**Source material:**
_ _ _ _ _ _ _
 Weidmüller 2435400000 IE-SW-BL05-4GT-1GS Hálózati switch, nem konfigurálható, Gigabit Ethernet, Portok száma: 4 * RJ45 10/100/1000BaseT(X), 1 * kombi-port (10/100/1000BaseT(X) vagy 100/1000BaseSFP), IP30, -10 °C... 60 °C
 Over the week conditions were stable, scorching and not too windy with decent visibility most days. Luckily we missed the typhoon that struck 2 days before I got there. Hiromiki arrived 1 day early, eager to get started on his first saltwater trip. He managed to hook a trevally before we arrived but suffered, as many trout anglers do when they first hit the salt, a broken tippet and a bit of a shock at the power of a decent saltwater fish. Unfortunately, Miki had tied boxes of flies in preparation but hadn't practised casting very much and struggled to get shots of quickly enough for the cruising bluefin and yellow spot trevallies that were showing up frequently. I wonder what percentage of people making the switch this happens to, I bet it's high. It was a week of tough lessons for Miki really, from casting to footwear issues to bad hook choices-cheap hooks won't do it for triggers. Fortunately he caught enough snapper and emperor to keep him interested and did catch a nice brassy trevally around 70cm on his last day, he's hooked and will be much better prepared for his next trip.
_ _ _ _ _ _ _
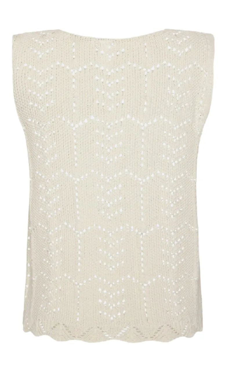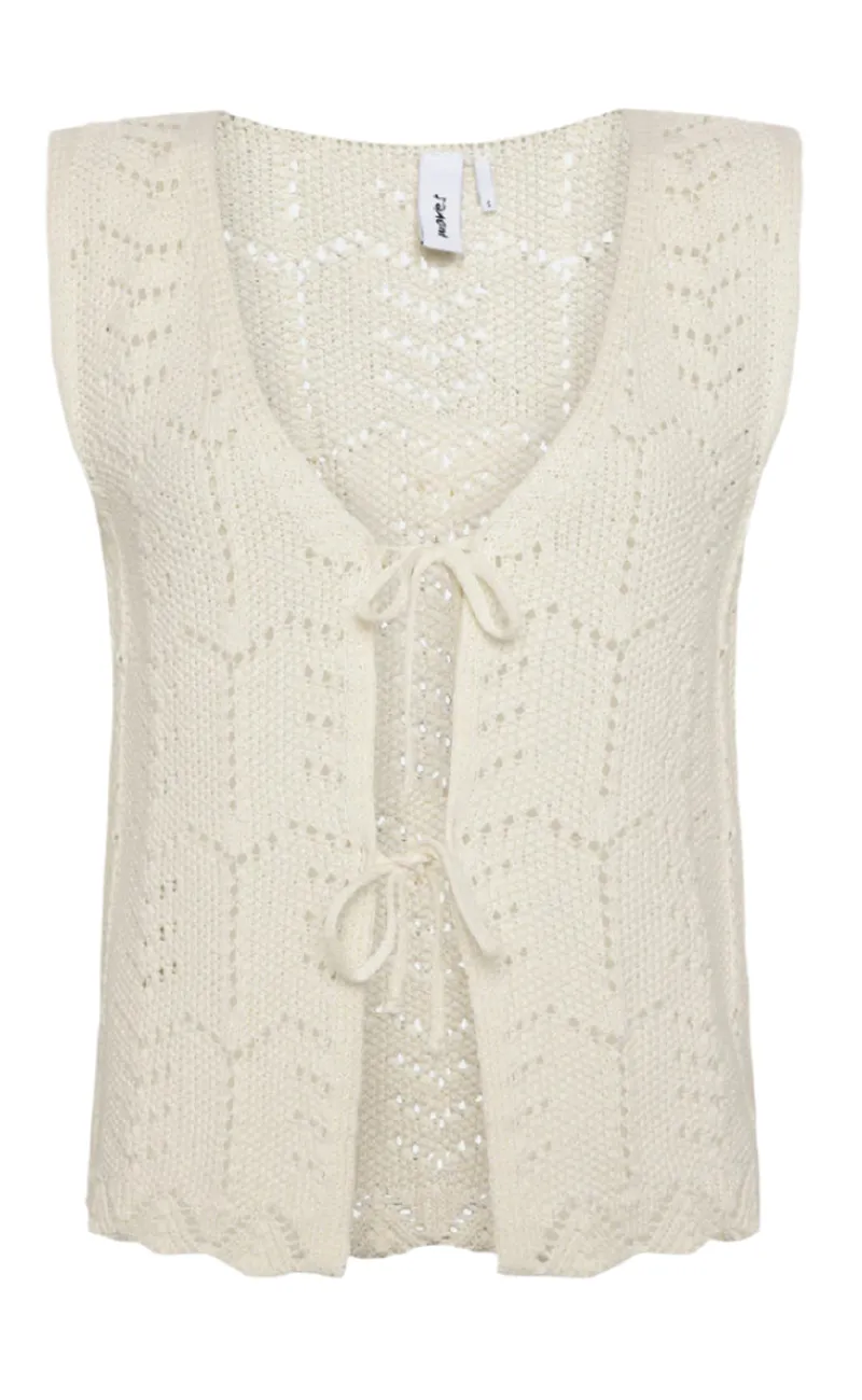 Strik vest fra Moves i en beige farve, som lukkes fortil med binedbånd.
_ _ _ _ _ _ _
**Instructions to follow:**
Every line above from the line with "Weidmüller 2435400000 IE-SW-BL05-4GT-1GS" to the line with "Over the week", both included, must be reproduced exactly, and no other line may appear.

**Expected output:**
 Weidmüller 2435400000 IE-SW-BL05-4GT-1GS Hálózati switch, nem konfigurálható, Gigabit Ethernet, Portok száma: 4 * RJ45 10/100/1000BaseT(X), 1 * kombi-port (10/100/1000BaseT(X) vagy 100/1000BaseSFP), IP30, -10 °C... 60 °C
 Over the week conditions were stable, scorching and not too windy with decent visibility most days. Luckily we missed the typhoon that struck 2 days before I got there. Hiromiki arrived 1 day early, eager to get started on his first saltwater trip. He managed to hook a trevally before we arrived but suffered, as many trout anglers do when they first hit the salt, a broken tippet and a bit of a shock at the power of a decent saltwater fish. Unfortunately, Miki had tied boxes of flies in preparation but hadn't practised casting very much and struggled to get shots of quickly enough for the cruising bluefin and yellow spot trevallies that were showing up frequently. I wonder what percentage of people making the switch this happens to, I bet it's high. It was a week of tough lessons for Miki really, from casting to footwear issues to bad hook choices-cheap hooks won't do it for triggers. Fortunately he caught enough snapper and emperor to keep him interested and did catch a nice brassy trevally around 70cm on his last day, he's hooked and will be much better prepared for his next trip.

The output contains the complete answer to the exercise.